» Assignment
Beginning with the top line of the listing below, give again every line up to and including the line with "You can use"; pictures do not belong in the copy.

───── Dataset extract

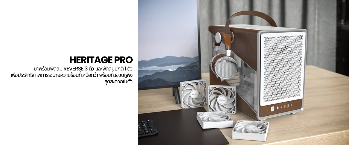 ระบบระบายความร้อนที่ครบครัน พร้อมฟังก์ชันเสริมที่ใส่ใจ Heritage PRO มาพร้อมพัดลมขนาด 120mm จำนวน 4 ตัวจากโรงงาน โดยแบ่งเป็น 3 ตัวแบบใบพัด Reverse ที่ติดตั้งด้านล่าง และ 1 ตัวด้านหลัง เสริมออปชันการใช้งานด้วย ที่แขวนหูฟัง ที่ติดตั้งเข้ากับสายหิ้วได้อย่างลงตัว
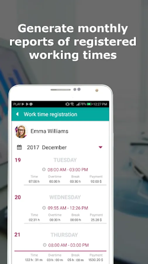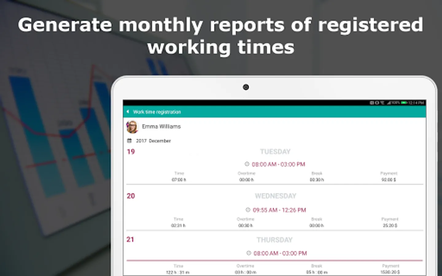 You can use Smartphone or Tablet as a Work Time Recorder, leaving it with the application running at the entrance to the workplace. Communication between devices is carried out using the NFC module. An employee will have to bring his phone close to the device in order to start or end his work time.
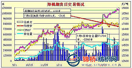 7月6日,鄭棉CF1009合約早盤在多頭買盤推動下沖高,隨后平倉盤打壓期價調整,此后橫向盤整,日線形成小陽線,日內成交量萎縮,持倉量小幅增加。鄭棉CF1101合約低開,早盤在多頭買盤支撐下回升盤整,隨后空頭回補推動期價沖擊日高,盤中橫向窄幅整理,日線形成低開陽線,日內成交量萎縮,持倉量減少。CF1009合約日成交296306手,日減倉536手,終盤持倉量108398手;CF1101合約日成交183036手,日減倉6062手,終盤持倉量189966手。基本面情況:今日股市增量反彈,上證指數(shù)2409.42點,漲幅1.9%;深證指數(shù)9363.02點,漲幅2.1%。成交金額分別為576.29億元和523.26億元,分別增加128.82億元和118.51億元,漲幅分別達28.6%和29.3%。鄭棉期貨今日則減持倉5398手,減幅1.4%?,F(xiàn)貨成交愈發(fā)冷清,成交價格維持平穩(wěn)。高等級棉難尋,紡織廠期待拋儲,當前采購尤為消極。囤棉企業(yè)擔心拋儲后棉價下滑,出售積極,預計成交冷清局面將延續(xù)到拋儲出臺。另據(jù)紡企反饋,棉紗價格依然堅挺,但市場已經不如前一段時間活躍,出現(xiàn)挑貨現(xiàn)象。
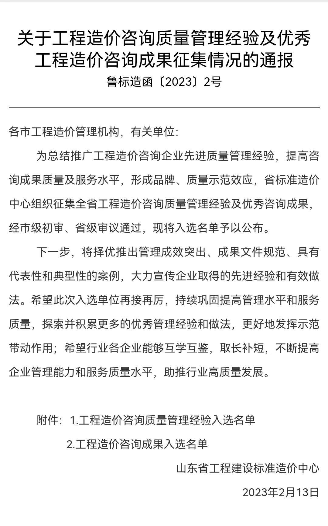 ?為總結(jié)推廣工程造價(jià)咨詢企業(yè)先進(jìn)質(zhì)量管理經(jīng)驗(yàn),提高咨詢成果質(zhì)量及服務(wù)水平,形成品牌、質(zhì)量示范效應(yīng),省標(biāo)準(zhǔn)造價(jià)中心組織征集全省工程造價(jià)咨詢質(zhì)量管理經(jīng)驗(yàn)及優(yōu)秀咨詢成果,經(jīng)市級(jí)初審、省級(jí)審議通過(guò),我公司入選山東省工程建設(shè)標(biāo)準(zhǔn)造價(jià)中心“工程造價(jià)咨詢成果”名單。

──────────

» Solution for this exercise
 ระบบระบายความร้อนที่ครบครัน พร้อมฟังก์ชันเสริมที่ใส่ใจ Heritage PRO มาพร้อมพัดลมขนาด 120mm จำนวน 4 ตัวจากโรงงาน โดยแบ่งเป็น 3 ตัวแบบใบพัด Reverse ที่ติดตั้งด้านล่าง และ 1 ตัวด้านหลัง เสริมออปชันการใช้งานด้วย ที่แขวนหูฟัง ที่ติดตั้งเข้ากับสายหิ้วได้อย่างลงตัว
 You can use Smartphone or Tablet as a Work Time Recorder, leaving it with the application running at the entrance to the workplace. Communication between devices is carried out using the NFC module. An employee will have to bring his phone close to the device in order to start or end his work time.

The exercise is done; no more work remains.